TASK PROMPT » Below is a block of records; reproduce all of them exactly and leave out any pictures.

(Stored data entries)
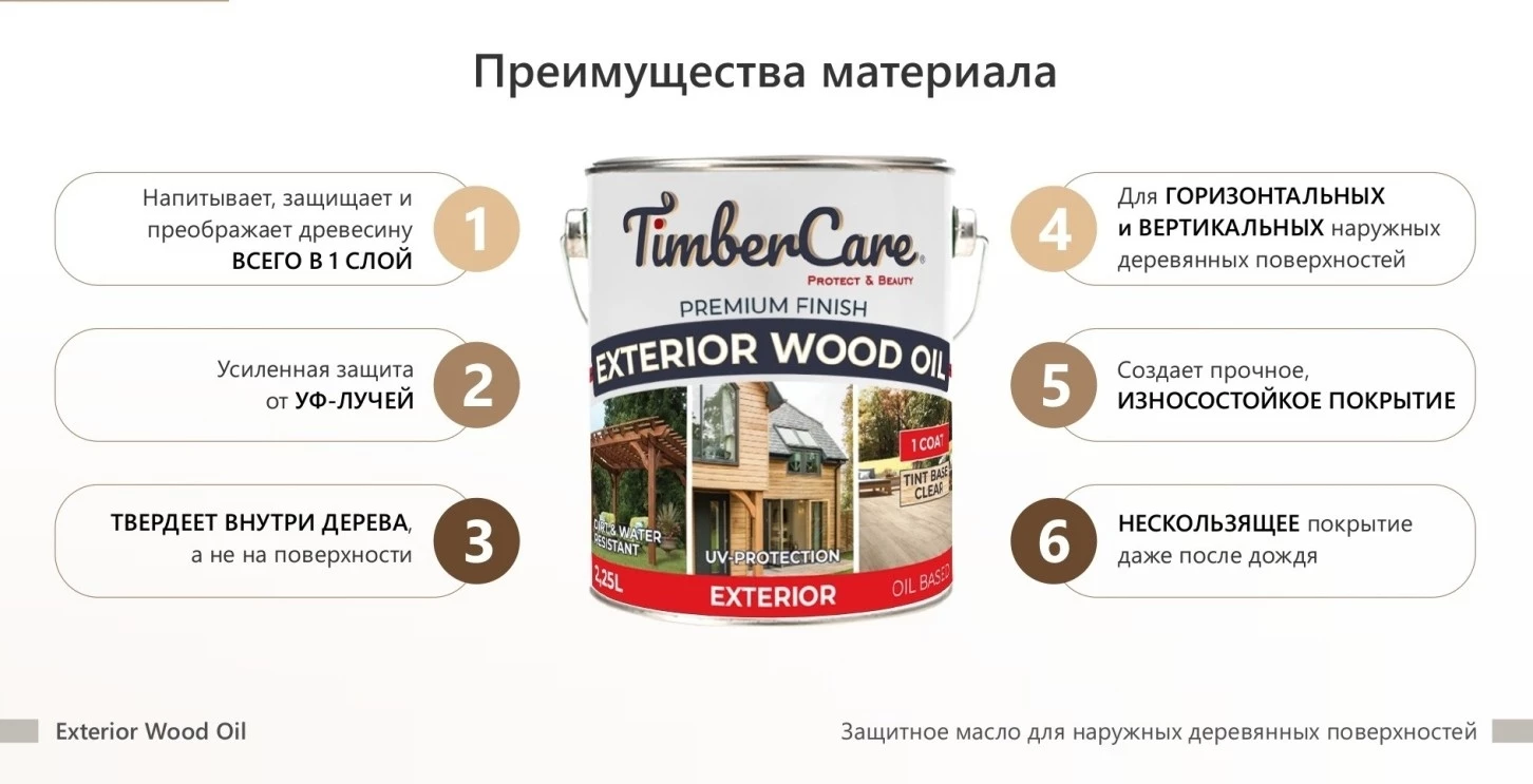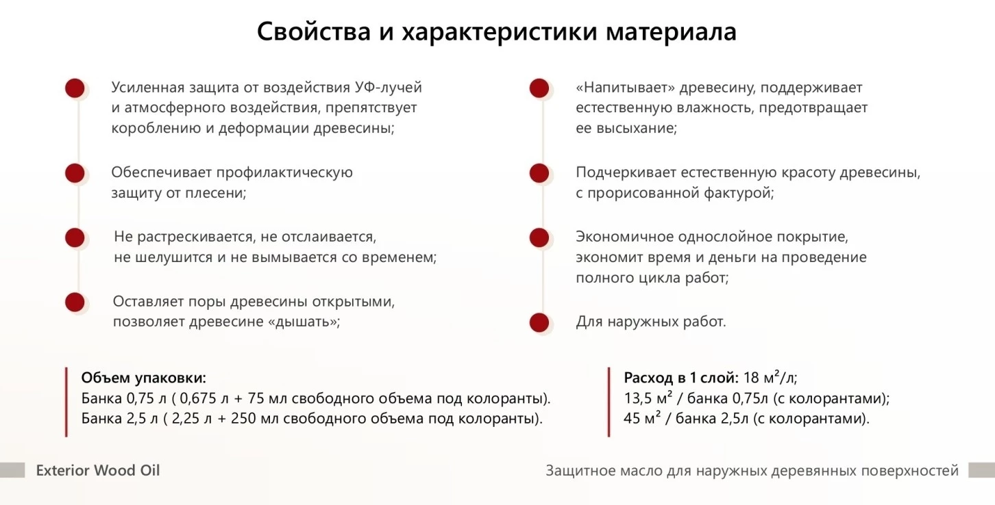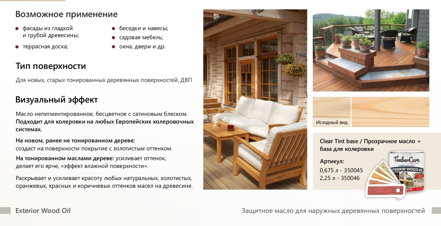 Отлично подходит в качестве состава для первой обработки не тонированного дерева, а также в качестве средства для обновления защитных свойств и восстановления цвета на ранее тонированных маслами поверхностей.
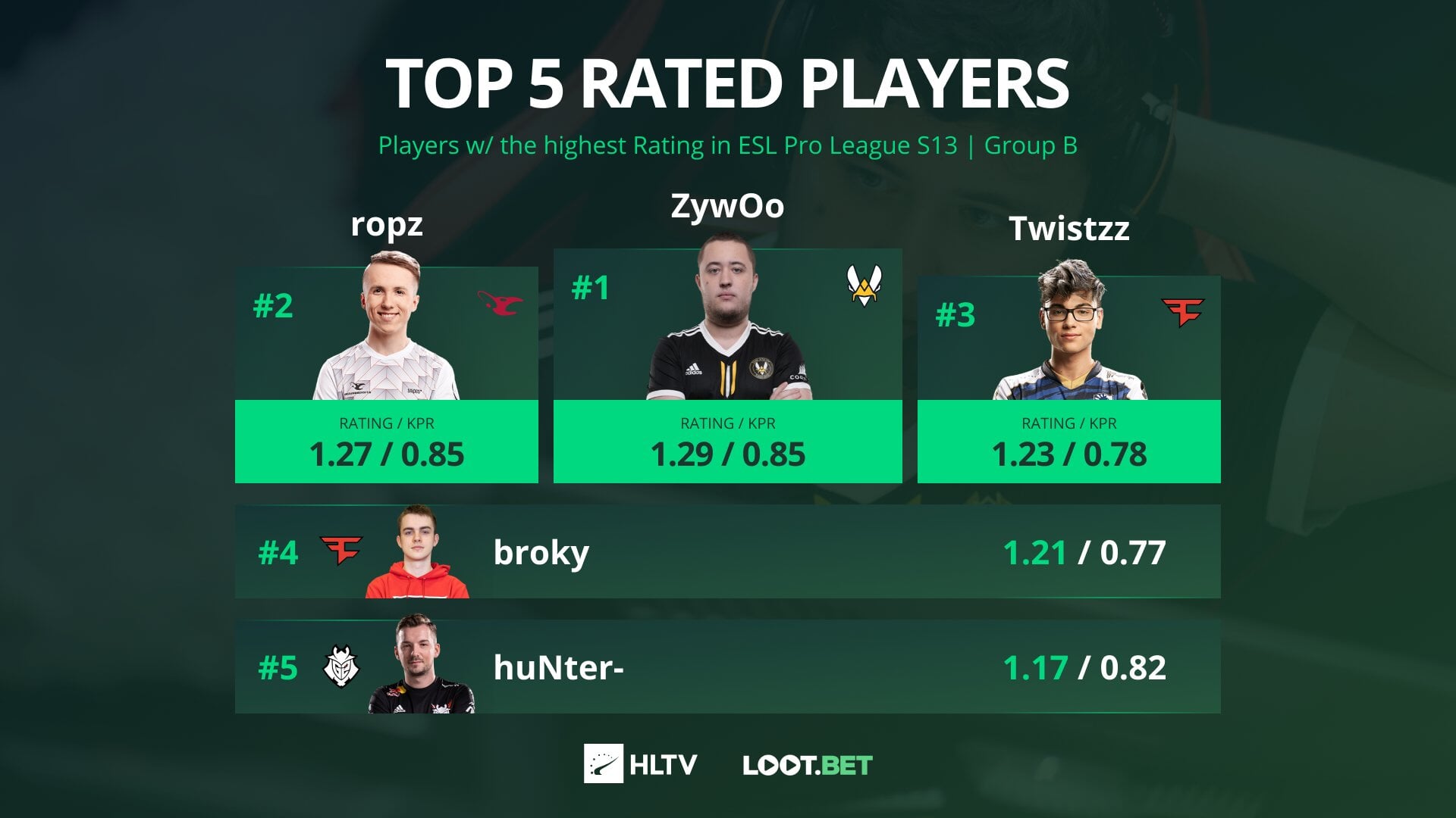 HLTV опубликовал список лучших игроков группы B на ESL Pro League Season 13 по рейтингу.
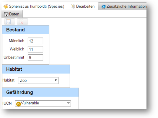 Das TreeDB-SDK erlaubt es, benutzerdefinierte Eingabefelder mit einem vorgegebenen Layout zu verbinden. Im Beispiel der Zoo-Datenbank wurde der Knotentyp Spezies, bestehend aus einem WIKI-Teil, um eine Gruppierung an Eingabefeldern ergänzt, die die Zoo-spezifischen Daten enthält.
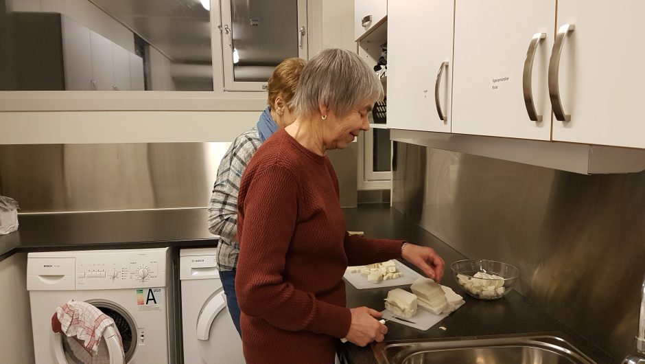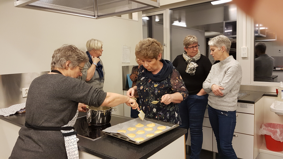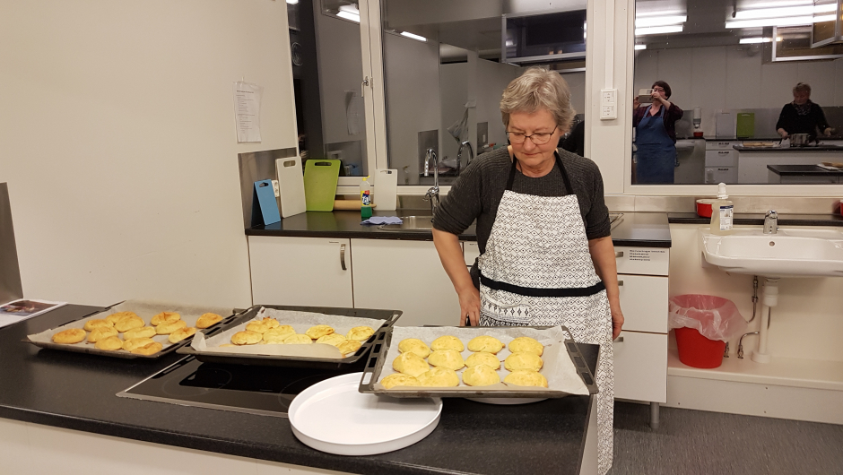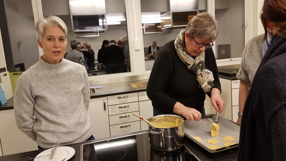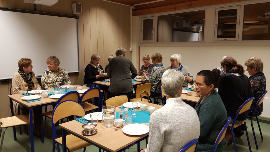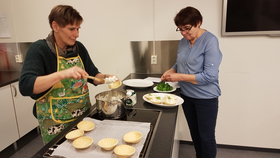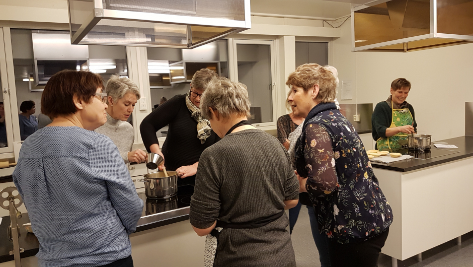 På planen for februarmøter stod «Tradisjonsmat/matkveld». Grend 3 var ansvarlig og hadde forberedt en enkel rett og kake: Fisk i terteskjell og vannbakkels.
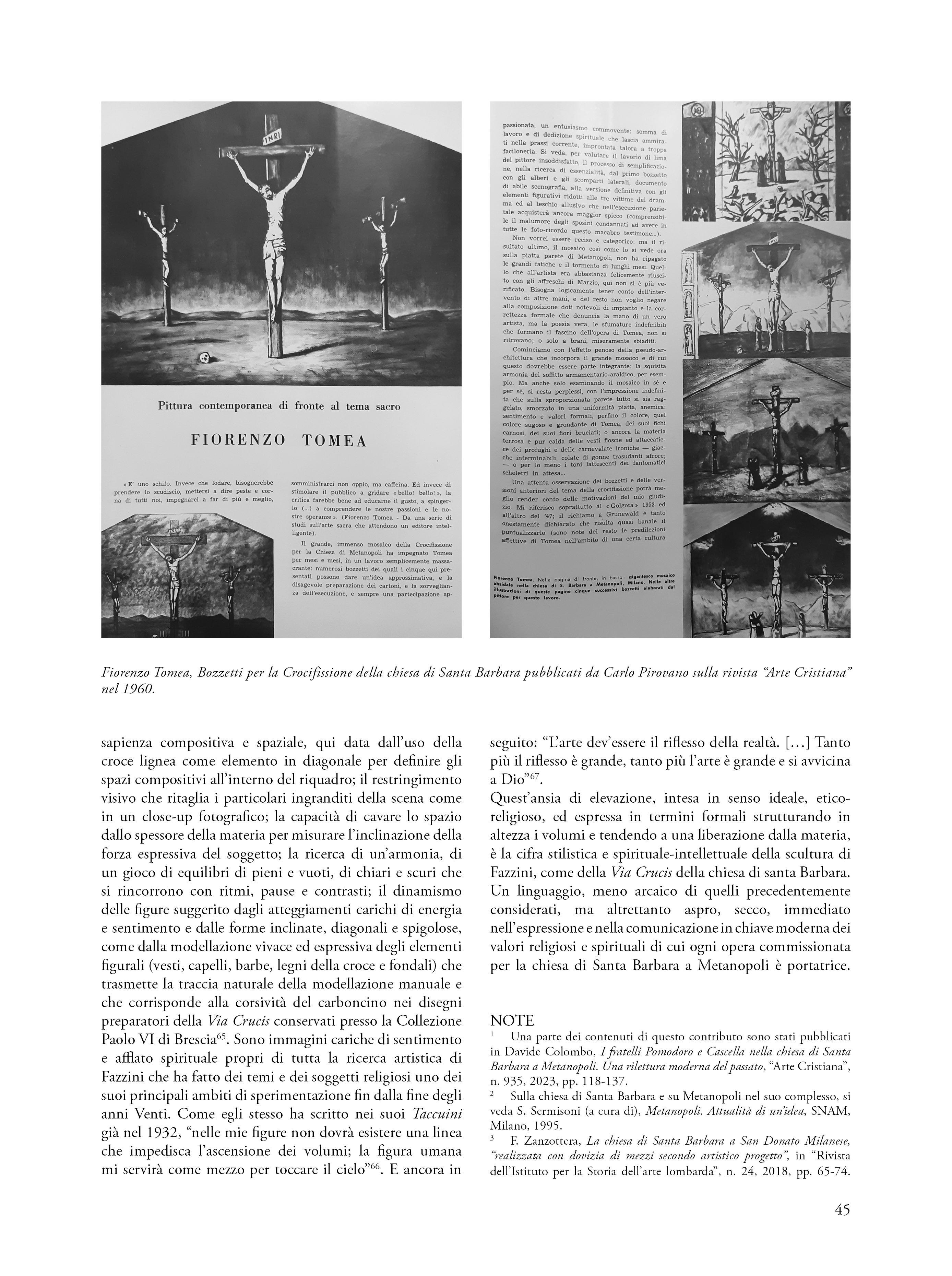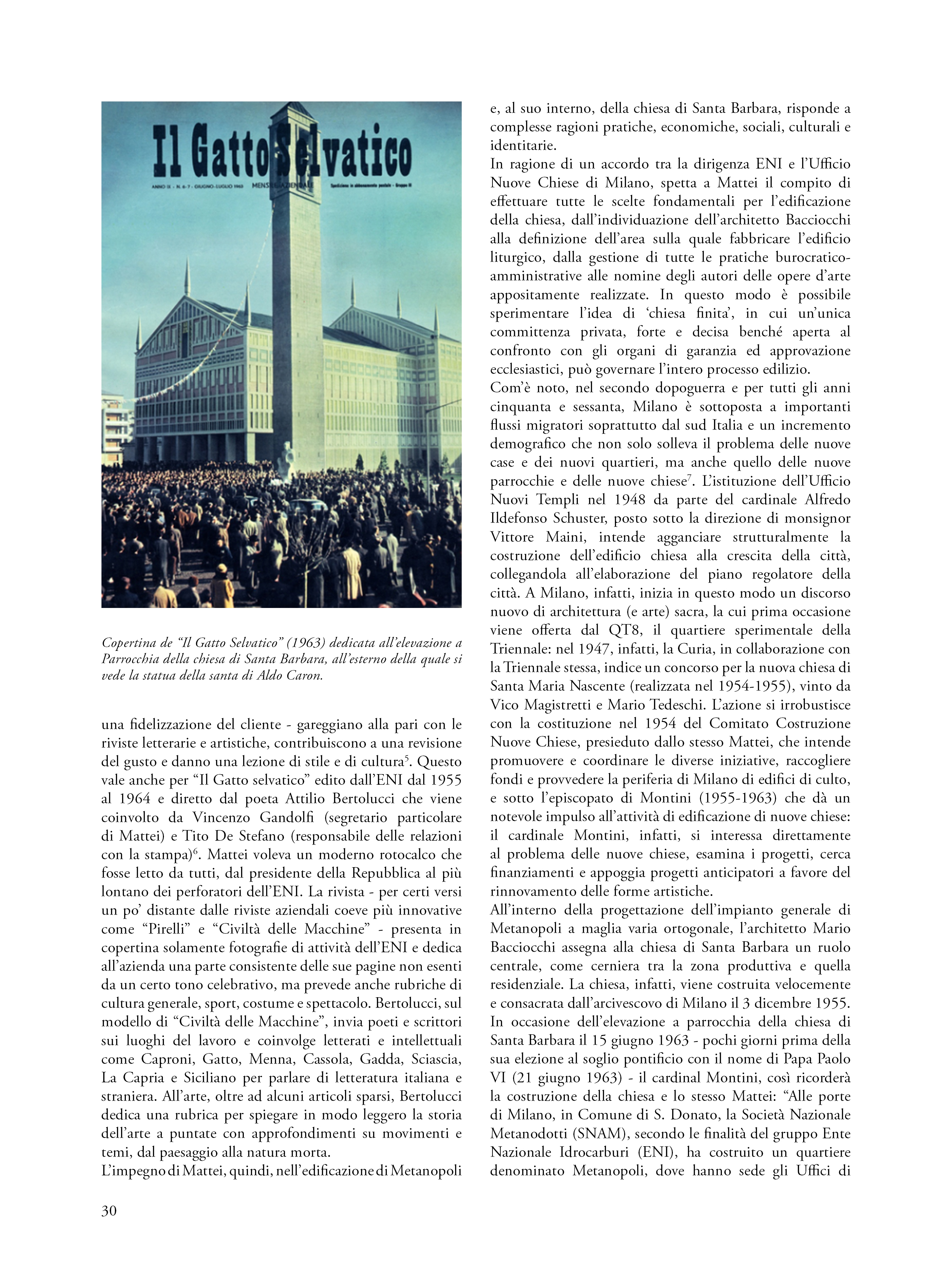 Partendo dal caso specifico dell’edificio di Santa Barbara, il saggio approfondisce il rapporto esistente tra tradizione e modernità all’interno della Chiesa e la sua apertura a professionisti, pittori e scultori contemporanei per le scelte architettoniche ed artistiche. Dopo aver indagato le principali vicende storiche della chiesa di Metanopoli, l’autore individua due momenti cronologici di affidamento dei lavori all’interno della chiesa milanese: una prima fase, coincidente agli anni di costruzione del nuovo edifico liturgico, nel quale saranno chiamati ad operare Andrea e Pietro Cascella e Giò e Arnaldo Pomodoro, e un secondo momento (1958-1962), quando, ad eccezione del più giovane Perez, verranno commissionate le opere a pittori e scultori della generazione degli anni dieci, le cui carriere consolidate erano segnate anche dalla partecipazione alla Biennale di Venezia, alla Triennale di Milano e alla Quadriennale di Roma.
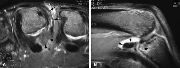 FIGURE 11.15 ● Axial (A) and sagittal (B) post-contrast fat-suppressed T1-weighted images display associated injuries of the ulnar collateral ligament (arrows) of the third metacarpophalangeal joint and the volar plate (arrowheads). Bone edema (asterisk) of the base of the proximal phalanx at the distal insertion of the volar plate can be seen.
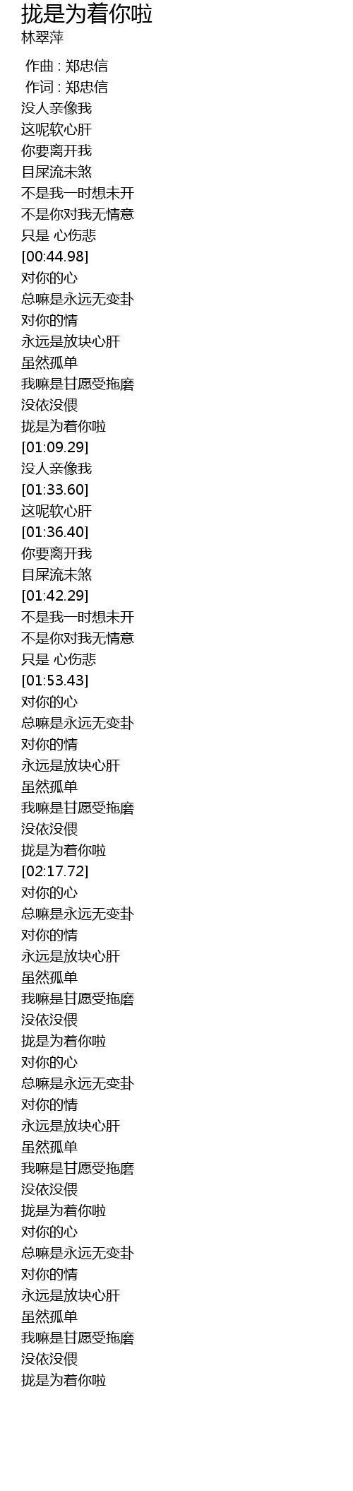 | [02:58.48] | lǒng shì wéi zhe nǐ la |
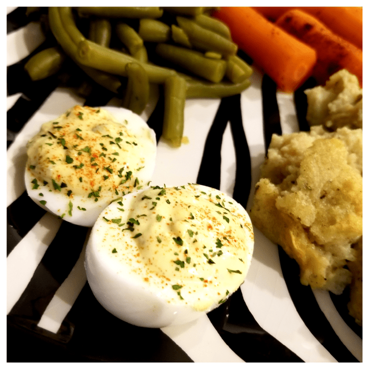I used to devour these at family holidays, and as I transitioned into adulthood, I became the maker of the deviled egg platter at every party. So, as I dreamed of holidays to come, I dove into figuring this one out – and alas, I made it happen!
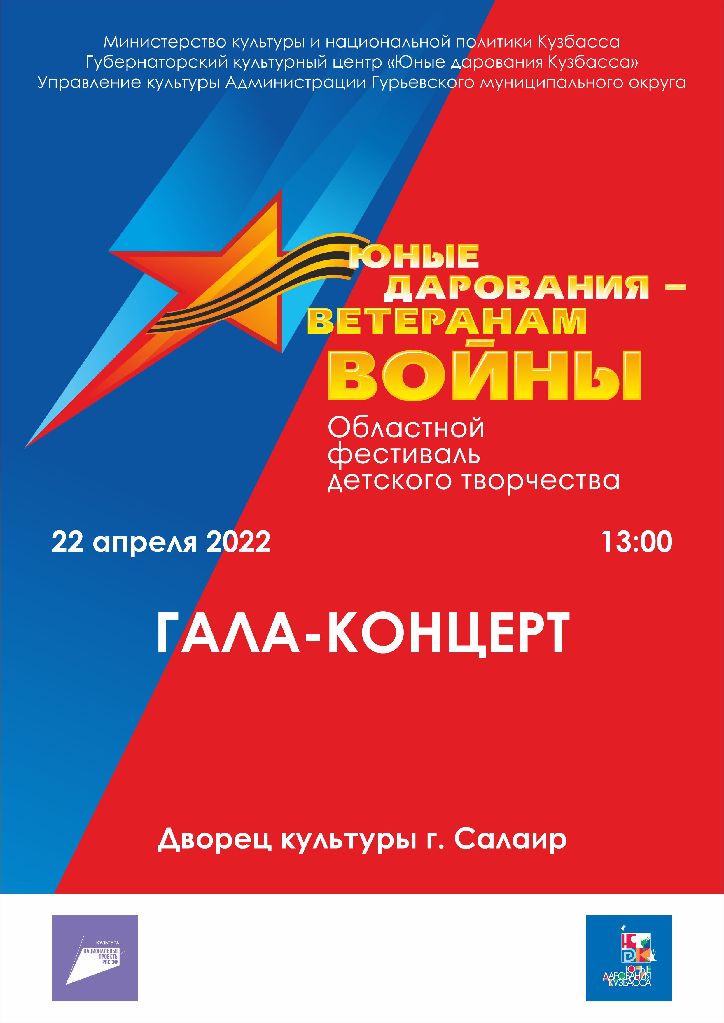 20-22 апреля 2022 года в Гурьевском муниципальном округе состоится Областной фестиваль детского творчества «Юные дарования – ветеранам войны». Фестиваль проходит под эгидой национального проекта «Культура» и входит в состав пяти областных фестивалей, реализуемых Губернаторским культурным центром «Юные дарования Кузбасса».
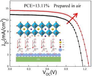 光伏发电属于新质生产力的范畴,大力发展光伏发电产业有助于实现我国“双碳”战略目标。然而,传统硅基太阳能电池存在制造成本高、污染大等问题。新型钙钛矿太阳能电池具有理论极限效率高、制备方法简单等特点,应用潜力巨大。全无机钙钛矿由于其理想的带隙和良好的热稳定性而在众多钙钛矿材料中受到极大关注。然而,由于全无机钙钛矿材料对水氧敏感,导致全无机钙钛矿太阳能电池在空气中的稳定性较差。因此,以往的全无机钙钛矿太阳能电池大多是在惰性气氛环境下制备,这对制备设备的要求较高,还增加了资源消耗。此外,器件的埋底界面存在缺陷密度高、材料热膨胀系数不匹配的问题,影响了器件效率和寿命。因此,如何设计一种适用于全无机钙钛矿太阳能电池的低成本制备方法,且使电池兼具高光电转换效率和优异长期稳定性的特点,成为了亟待解决的难题。
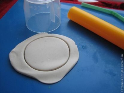 Затем, с помощью круглой формы выдавливаем кружок. Можно использовать крышку от бутылки или баночки крема (смотря какой размер серьги вы хотите получить).
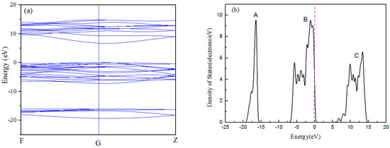 3.1. Band Structure and Density of States
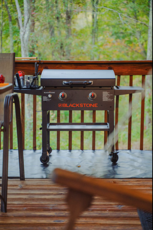- Outdoor griddle with utensil caddy and dining setup, also overlooking the forest. Please bring your own propane tanks - available at gas stations in Laurelville or Rockbridge.
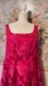 Bold cherry red with hot pink large floral pattern, long back zipper, pleated skirt, high low, lined on upper body to just past the waist.
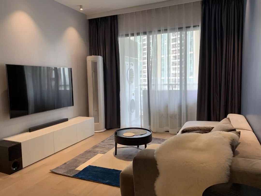▲电视墙布置一个白色电视柜+壁挂电视机,简洁的布置也不失优雅气质。

ANSWER BOX »
 Отлично подходит в качестве состава для первой обработки не тонированного дерева, а также в качестве средства для обновления защитных свойств и восстановления цвета на ранее тонированных маслами поверхностей.
 HLTV опубликовал список лучших игроков группы B на ESL Pro League Season 13 по рейтингу.
 Das TreeDB-SDK erlaubt es, benutzerdefinierte Eingabefelder mit einem vorgegebenen Layout zu verbinden. Im Beispiel der Zoo-Datenbank wurde der Knotentyp Spezies, bestehend aus einem WIKI-Teil, um eine Gruppierung an Eingabefeldern ergänzt, die die Zoo-spezifischen Daten enthält.
 På planen for februarmøter stod «Tradisjonsmat/matkveld». Grend 3 var ansvarlig og hadde forberedt en enkel rett og kake: Fisk i terteskjell og vannbakkels.
 Partendo dal caso specifico dell’edificio di Santa Barbara, il saggio approfondisce il rapporto esistente tra tradizione e modernità all’interno della Chiesa e la sua apertura a professionisti, pittori e scultori contemporanei per le scelte architettoniche ed artistiche. Dopo aver indagato le principali vicende storiche della chiesa di Metanopoli, l’autore individua due momenti cronologici di affidamento dei lavori all’interno della chiesa milanese: una prima fase, coincidente agli anni di costruzione del nuovo edifico liturgico, nel quale saranno chiamati ad operare Andrea e Pietro Cascella e Giò e Arnaldo Pomodoro, e un secondo momento (1958-1962), quando, ad eccezione del più giovane Perez, verranno commissionate le opere a pittori e scultori della generazione degli anni dieci, le cui carriere consolidate erano segnate anche dalla partecipazione alla Biennale di Venezia, alla Triennale di Milano e alla Quadriennale di Roma.
 FIGURE 11.15 ● Axial (A) and sagittal (B) post-contrast fat-suppressed T1-weighted images display associated injuries of the ulnar collateral ligament (arrows) of the third metacarpophalangeal joint and the volar plate (arrowheads). Bone edema (asterisk) of the base of the proximal phalanx at the distal insertion of the volar plate can be seen.
 | [02:58.48] | lǒng shì wéi zhe nǐ la |
I used to devour these at family holidays, and as I transitioned into adulthood, I became the maker of the deviled egg platter at every party. So, as I dreamed of holidays to come, I dove into figuring this one out – and alas, I made it happen!
 20-22 апреля 2022 года в Гурьевском муниципальном округе состоится Областной фестиваль детского творчества «Юные дарования – ветеранам войны». Фестиваль проходит под эгидой национального проекта «Культура» и входит в состав пяти областных фестивалей, реализуемых Губернаторским культурным центром «Юные дарования Кузбасса».
 光伏发电属于新质生产力的范畴,大力发展光伏发电产业有助于实现我国“双碳”战略目标。然而,传统硅基太阳能电池存在制造成本高、污染大等问题。新型钙钛矿太阳能电池具有理论极限效率高、制备方法简单等特点,应用潜力巨大。全无机钙钛矿由于其理想的带隙和良好的热稳定性而在众多钙钛矿材料中受到极大关注。然而,由于全无机钙钛矿材料对水氧敏感,导致全无机钙钛矿太阳能电池在空气中的稳定性较差。因此,以往的全无机钙钛矿太阳能电池大多是在惰性气氛环境下制备,这对制备设备的要求较高,还增加了资源消耗。此外,器件的埋底界面存在缺陷密度高、材料热膨胀系数不匹配的问题,影响了器件效率和寿命。因此,如何设计一种适用于全无机钙钛矿太阳能电池的低成本制备方法,且使电池兼具高光电转换效率和优异长期稳定性的特点,成为了亟待解决的难题。
 Затем, с помощью круглой формы выдавливаем кружок. Можно использовать крышку от бутылки или баночки крема (смотря какой размер серьги вы хотите получить).
 3.1. Band Structure and Density of States
- Outdoor griddle with utensil caddy and dining setup, also overlooking the forest. Please bring your own propane tanks - available at gas stations in Laurelville or Rockbridge.
 Bold cherry red with hot pink large floral pattern, long back zipper, pleated skirt, high low, lined on upper body to just past the waist.
▲电视墙布置一个白色电视柜+壁挂电视机,简洁的布置也不失优雅气质。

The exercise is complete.